Alternatives to high availability on blob storage with GlusterFS?

We have been using ZRS for a while but we still have the problem of a single point of failure on the blob storage. In the past I read about GlusterFS but many people said it had issues with small files and complex directory structures... just our use case.

Recently we stumbled upon @djay tweet on it:

So we decided to give a try: installation was smooth under Ubuntu 14.04 and I was able to mount a volume distributed in 2 Digital Ocean droplets following a couple of howtos.

Problems started when I decided to test a real environment: I created the volume and configured it and when I started copying the blob storage inside it, weird things started to happen.

First the second server became somehow unresponsive: some commands did not run like a single df -h. I restarted the machine and returned after a few hours, then I saw the CPU usage was on some sort of oscillation.

When I started my stack (nginx, Varnish, ZRS server and 4 Plone instances), I found that I was not able to reach Varnish on port 6081, neither the Plone instances on ports 8081-8084. I had to stop the GlusterFS volume to being able to reach them but seems ngnix is still unable to reach Varnish and I'm getting a lot of timeout errors on the log.

This test was not on the biggest site we're running so I guess either my configuration has problems or simply GlusterFS is not the right tool for this job:

$ sudo gluster volume info
 
Volume Name: blobstorage
Type: Replicate
Volume ID: 12345da2-40fc-4c61-a53e-123456e4dd96
Status: Stopped
Number of Bricks: 1 x 2 = 2
Transport-type: tcp
Bricks:
Brick1: server1:/var/blobstorage
Brick2: server2:/var/blobstorage
Options Reconfigured:
diagnostics.brick-log-level: WARNING
diagnostics.client-log-level: WARNING
nfs.enable-ino32: on
nfs.addr-namelookup: off
nfs.disable: on
performance.cache-max-file-size: 2MB
performance.cache-refresh-timeout: 4
performance.cache-size: 256MB
performance.io-thread-count: 32
performance.write-behind-window-size: 4MB

I've been looking for alternatives and I read about using NFS with DRBD and Pacemaker but I'm not very enthusiastic because of the complexity on having to add 2 new technologies to our current stack.

What are you guys using nowadays to deploy HA sites with Plone?

We are using DRBD for both, ZODB and NFS on a machine with a failover address.

The whole is OpenAIS based and uses Pacemaker as cluster resource manager and Corosync as Cluster Engine.
Also the chain NGINX, Varnish, HA-Proxy runs redundant on two machines using this technology.

Initially it is indeed a complex topic, but once you got it its worth every minute you struggled with it. Afterwards you'll have a real good and robust setup.

It replaces any systemd-supervisor-init script system to start the services (it uses itself OFS scripts, kind of similar to init scripts but with more complex status reporting).

We switched to just using zrs. It does sync the blobs. Less moving parts
than gluster. Although gluster worked fine for us

@hvelarde @djay I also tried here with GlusterFs, but, the CPU to be idle, lots of memory to be available, no swapping, no I/O, but a high average load.

We also use zrs.
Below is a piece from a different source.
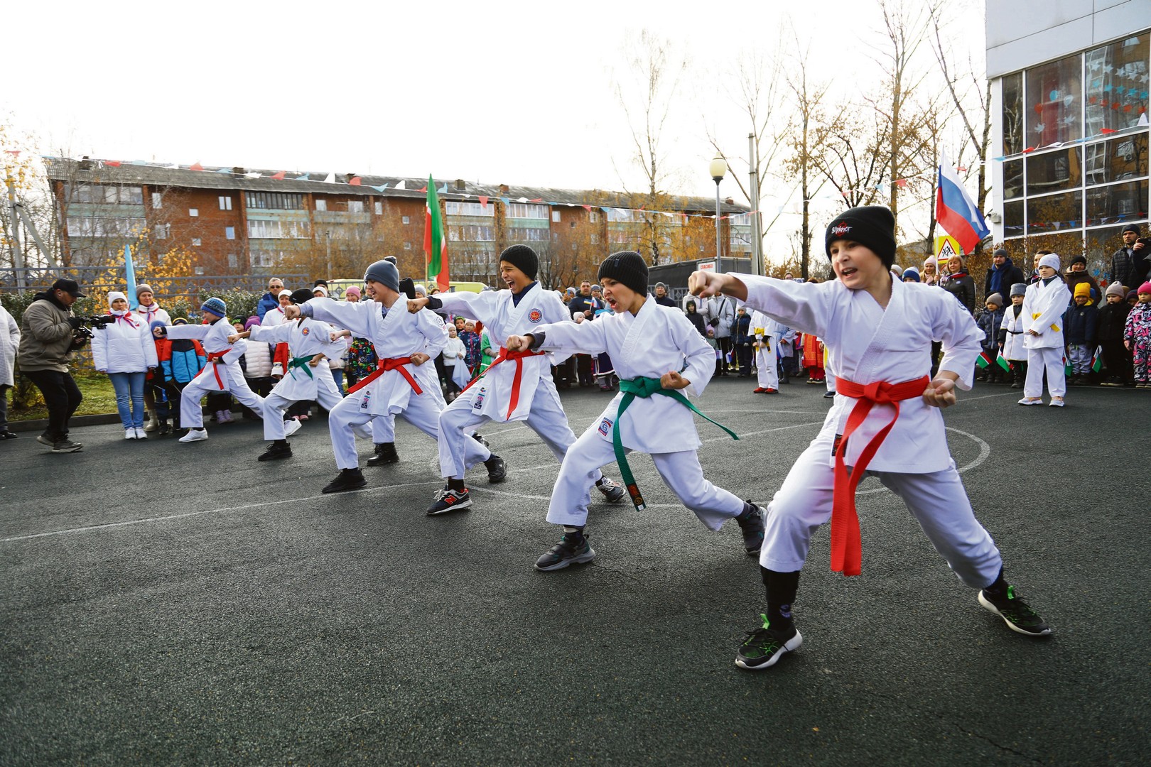 Установка триколора над детским садом № 176 на улице Мухиной стала праздником: на мероприятии выступили артисты Иркутского городского театра народной драмы, объединения СК «Суворовец», спортсмены по рукопашному бою, а также педагоги и воспитанники дошкольного учреждения

I think the setup is much simpler that the alternatives. It supports blobs since 2009 (see https://github.com/zc/zrs/blob/master/HISTORY.txt).

@jensens I think we will have to deal with something less complex because we don't have resources neither time to test that configuration.

@djay yes, you're right; I have used that configuration before and is quite easy; you don't even need NFS.

@cleberjsantos are you using real or virtual servers? I think this issue could be related with that fact.

thanks, guys!

One more question, @djay @pbauer, do you have instances running on the ZRS slave?

In such case, how do you configure to allow them to be used by editors? do you set shared-blob = off? If so, what happens to the blobs on the instances?

We use a huge zeo-client-cache-size but I don't know if all the blobs are also copied to the blob-storage location or only those that are alive in the ZODB cache.

Anyone knows?

I just read the documentation of plone.recipe.zope2instance and the answer seems to be there:

blob-storage
The location of the blob zeocache, defaults to var/blobcache. If shared-blob is on it defaults to ${buildout:directory}/var/blobstorage.

So that must mean that I have a penalty of transferring the blobs more that one time over the network.

@hvelarde Yes, I'm using a virtual server in the Digital Ocean droplets

seems that "somebody" had changed the firewall rules on teh server blocking some ports on the private interface and that was messing around with Varnish and, probably, with GlusterFS; those rules were applied when I restarted the VM. so, part of the mystery is now solved.